# Dead rabbits



## Gary (Sep 21, 2019)

I have a group of meat rabbits in the grow out coup. They are about 2 1/2 months old. Yesterday morning when I went out there for food and water, one was dead. I removed it. This morning I went out there and two were dead. I'm worried about disease and eating them. What do you guys think?


----------



## promiseacres (Sep 21, 2019)

have you wormed them for coccidia?  I usually give them corid in their water at weaning.


----------



## Gary (Sep 21, 2019)

I didn't know anything about that. My previous group all made it. I've lost kits, but never rabbits. Can I buy the wormer at the feed store?


----------



## Mini Horses (Sep 21, 2019)

Most feed stores carry it -- pretty common item.

Sorry you've lost some and hope it changes.  But, don't delay!! Coccidia works FAST on the animals, especially since it's mostly seen in young animals.


----------



## AmberLops (Sep 21, 2019)

Could be Coccidiosis...are they on Corid?
I would start a treatment/preventative course for all of them. Add 3/4 teaspoon Corid powder per gallon of water. Use that as the only water source. I learned (from nice folks here on BYH) that rabbits will need probiotics while on Corid. I use Rooster Booster...it's a vitamin/electrolyte/probiotic powder made for chickens. Dose is the same, 3/4 tsp per gallon...just add it into the Corid water. You can get both Corid and Rooster Booster at Tractor Supply.
I hope you don't lose any more


----------



## AmberLops (Sep 22, 2019)

@Gary  just want to make sure you're getting these replies!
How are your rabbits doing?


----------



## Gary (Sep 22, 2019)

Not well. Can't find corrid. Have to check other feed stores tomorrow when they are open.

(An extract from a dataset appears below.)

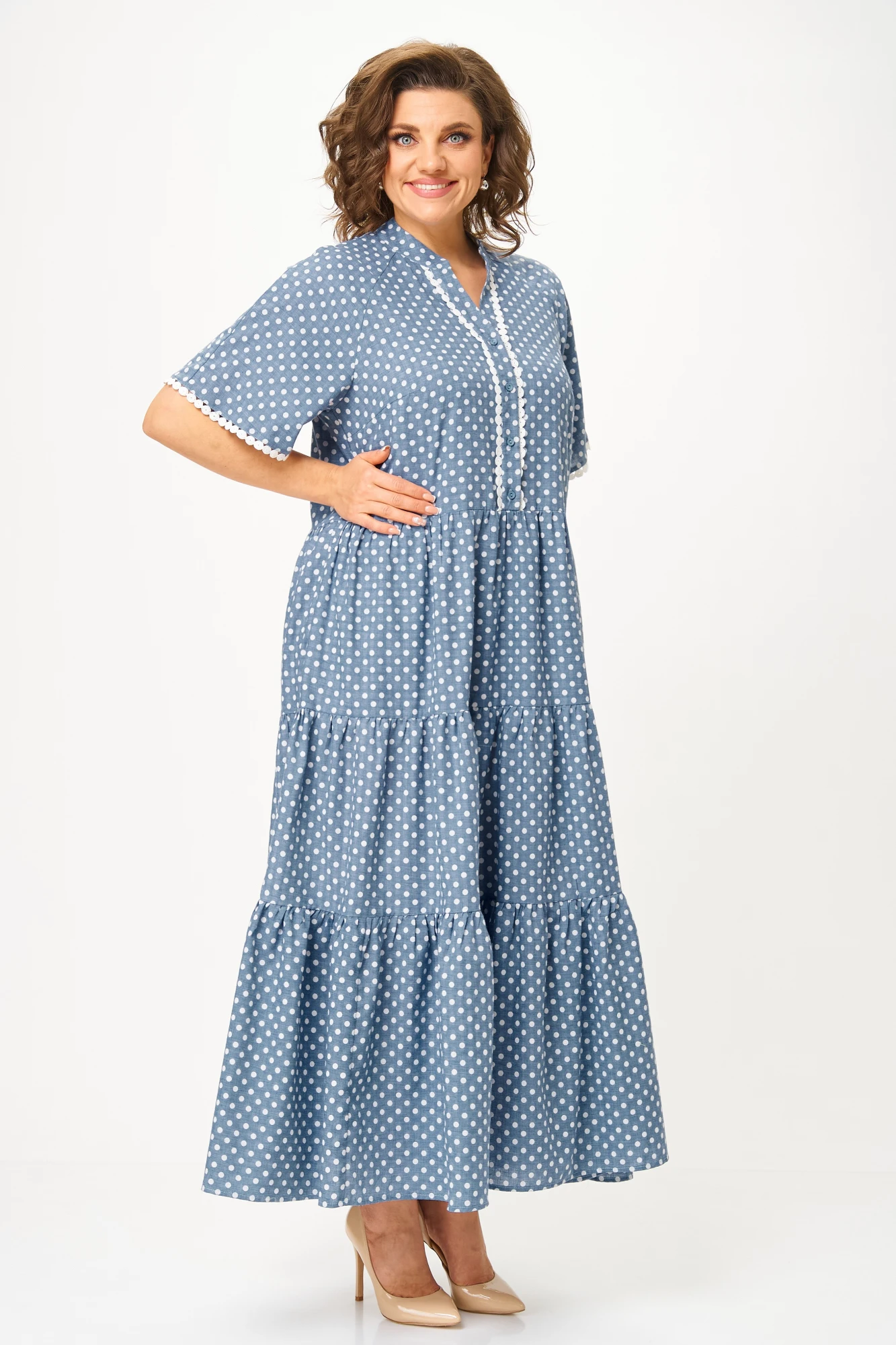 Платье ANDINA CITY 8036-25 джинсовый /горох
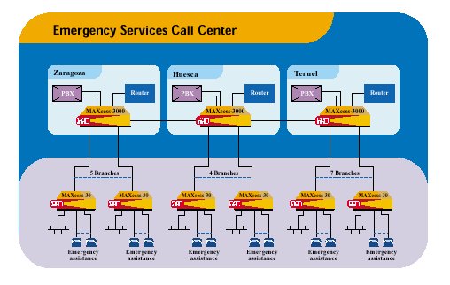 在阿拉貢地區(qū)撥打112可以接通Zaragoza、Huesca或Teruel三地的最近的呼叫中心。在接線員點擊電子地圖上呼叫方所在位置后,呼叫便通過MAXcess設備自動路由到離呼叫方最近的分支機構的專用電話上。接下來,該分支機構便立即派出緊急救護車。接線員輸入到系統(tǒng)中的有關事件的信息也可以通過LAN立即到達遠端MAXcess。

Rabbits just keep dying.


----------



## AmberLops (Sep 22, 2019)

I'm sorry 
TSC carries Corid... I use the powder, not sure how to dose the liquid.
I hope the rest of your rabbits pull through...definitely sounds like coccidiosis.


----------



## Gary (Sep 23, 2019)

I went to tractor supply yesterday and they do carry it but it was out of stock. I went to two pet stores but nothing like that there. There is another place that I'm sure has it but they are closed Sunday. I'll go after work. Hard lesson, but going forward, I'll know to treat the rabbits


----------



## Hens and Roos (Sep 23, 2019)

AmberLops said:


> Could be Coccidiosis...are they on Corid?
> I would start a treatment/preventative course for all of them. Add 3/4 teaspoon Corid powder per gallon of water. Use that as the only water source. I learned (from nice folks here on BYH) that rabbits will need probiotics while on Corid. I use Rooster Booster...it's a vitamin/electrolyte/probiotic powder made for chickens. Dose is the same, 3/4 tsp per gallon...just add it into the Corid water. You can get both Corid and Rooster Booster at Tractor Supply.
> I hope you don't lose any more



so how many days do you keep them on this as a treatment? as a preventative?


----------



## B&B Happy goats (Sep 23, 2019)

If you can't  find it at your local stores, go to jeffers online and you can order it and pay extra for faster shipping .good luck to you with your rabbits.


----------



## AmberLops (Sep 23, 2019)

Hens and Roos said:


> so how many days do you keep them on this as a treatment? as a preventative?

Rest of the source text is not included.